● AIM OF THE EXERCISE: The expected output is each line from the one containing "校长、党委副书记朱方伟与中南" to the last line of the data below, set down exactly, minus the pictures.

● SUPPLIED DATA:
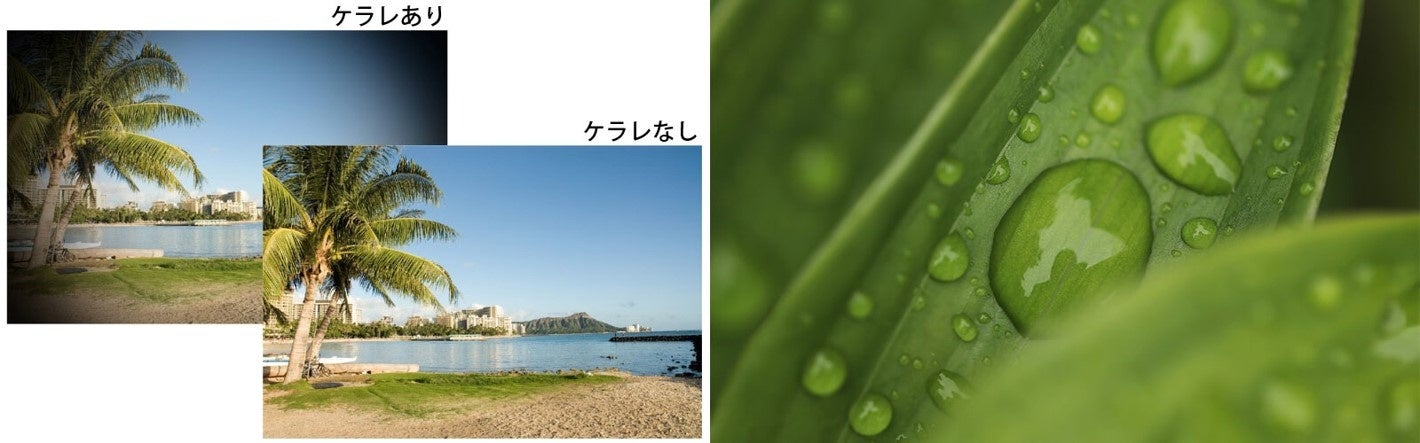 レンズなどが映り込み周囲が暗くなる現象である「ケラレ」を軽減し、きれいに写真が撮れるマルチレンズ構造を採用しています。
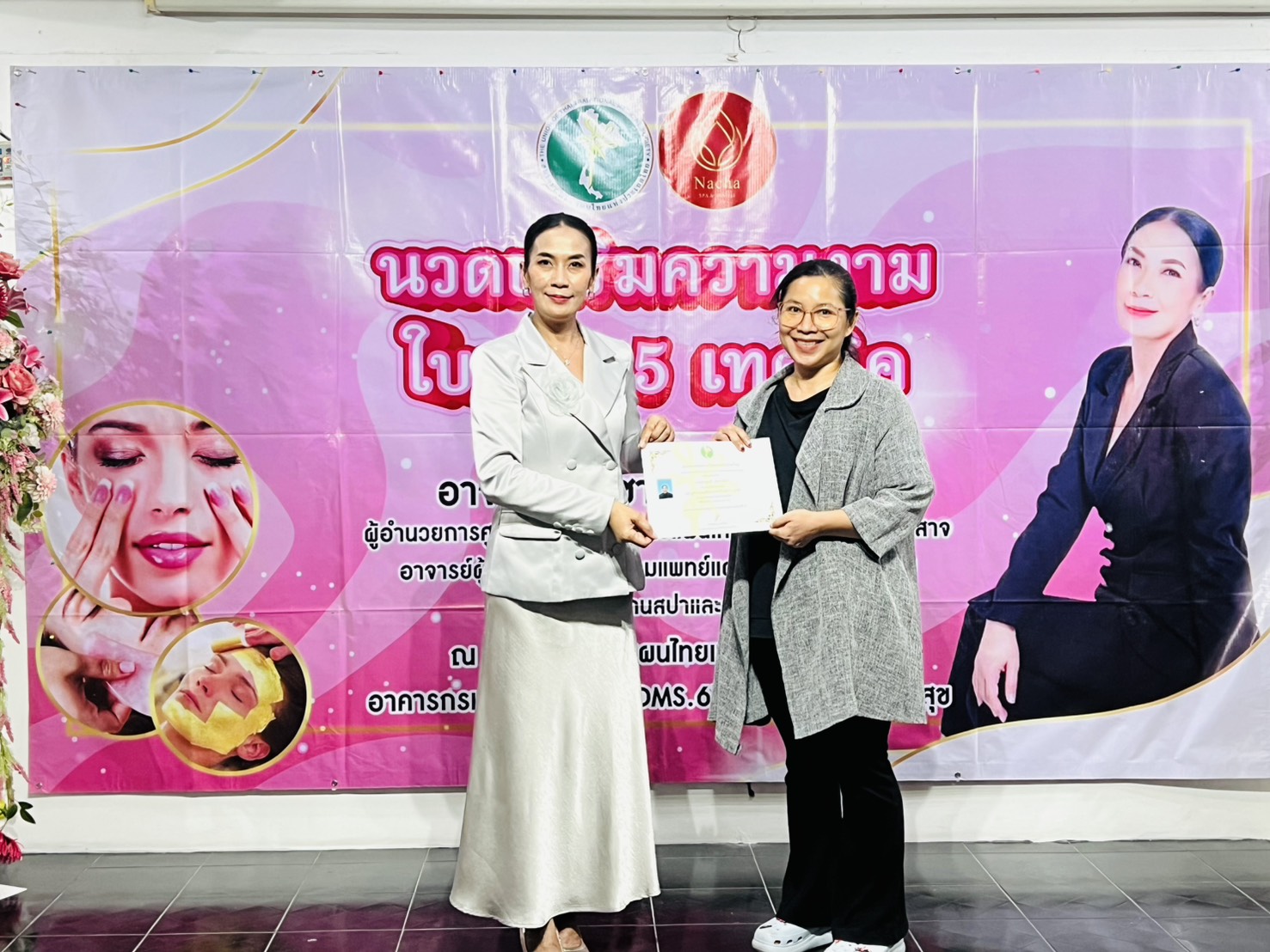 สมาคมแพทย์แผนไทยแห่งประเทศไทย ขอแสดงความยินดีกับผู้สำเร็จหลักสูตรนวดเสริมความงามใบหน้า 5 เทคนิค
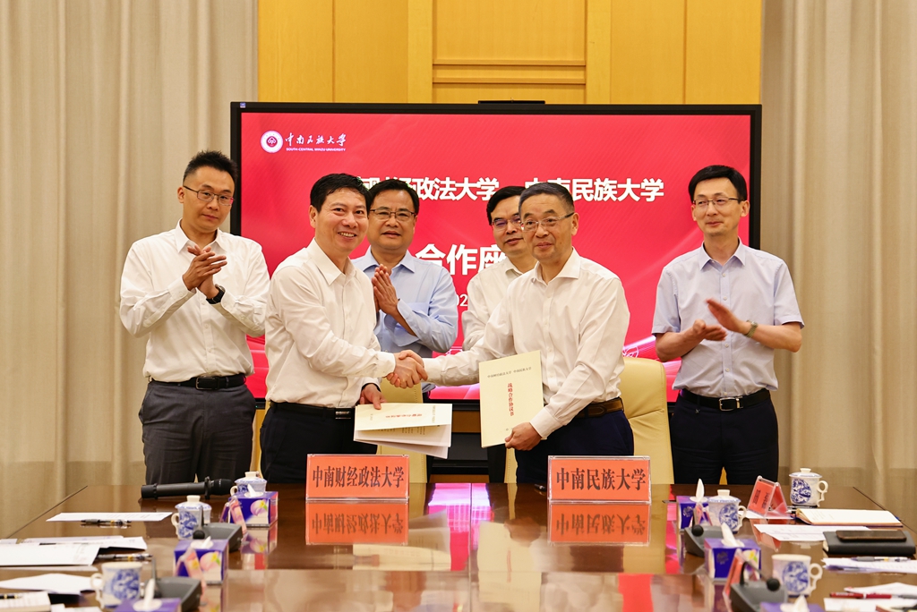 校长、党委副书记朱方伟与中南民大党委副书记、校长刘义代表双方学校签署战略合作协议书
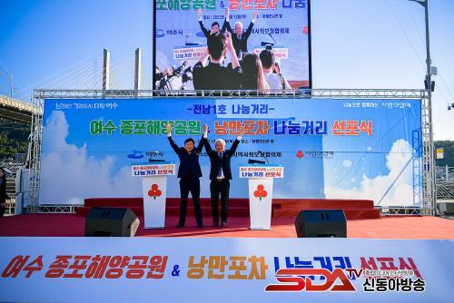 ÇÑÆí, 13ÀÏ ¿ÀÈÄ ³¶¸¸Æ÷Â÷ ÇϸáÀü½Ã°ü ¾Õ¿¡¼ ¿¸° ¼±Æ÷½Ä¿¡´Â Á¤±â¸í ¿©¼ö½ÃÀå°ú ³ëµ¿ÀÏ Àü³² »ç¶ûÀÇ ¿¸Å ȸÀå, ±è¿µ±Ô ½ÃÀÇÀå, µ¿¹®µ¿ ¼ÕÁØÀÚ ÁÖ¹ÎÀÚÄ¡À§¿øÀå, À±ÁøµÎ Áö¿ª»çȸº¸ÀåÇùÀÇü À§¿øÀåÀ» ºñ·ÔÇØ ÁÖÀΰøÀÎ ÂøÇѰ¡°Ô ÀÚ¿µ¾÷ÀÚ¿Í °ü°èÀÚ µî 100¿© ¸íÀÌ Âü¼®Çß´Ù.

● RESPONSE AREA:
 校长、党委副书记朱方伟与中南民大党委副书记、校长刘义代表双方学校签署战略合作协议书
 ÇÑÆí, 13ÀÏ ¿ÀÈÄ ³¶¸¸Æ÷Â÷ ÇϸáÀü½Ã°ü ¾Õ¿¡¼ ¿¸° ¼±Æ÷½Ä¿¡´Â Á¤±â¸í ¿©¼ö½ÃÀå°ú ³ëµ¿ÀÏ Àü³² »ç¶ûÀÇ ¿¸Å ȸÀå, ±è¿µ±Ô ½ÃÀÇÀå, µ¿¹®µ¿ ¼ÕÁØÀÚ ÁÖ¹ÎÀÚÄ¡À§¿øÀå, À±ÁøµÎ Áö¿ª»çȸº¸ÀåÇùÀÇü À§¿øÀåÀ» ºñ·ÔÇØ ÁÖÀΰøÀÎ ÂøÇѰ¡°Ô ÀÚ¿µ¾÷ÀÚ¿Í °ü°èÀÚ µî 100¿© ¸íÀÌ Âü¼®Çß´Ù.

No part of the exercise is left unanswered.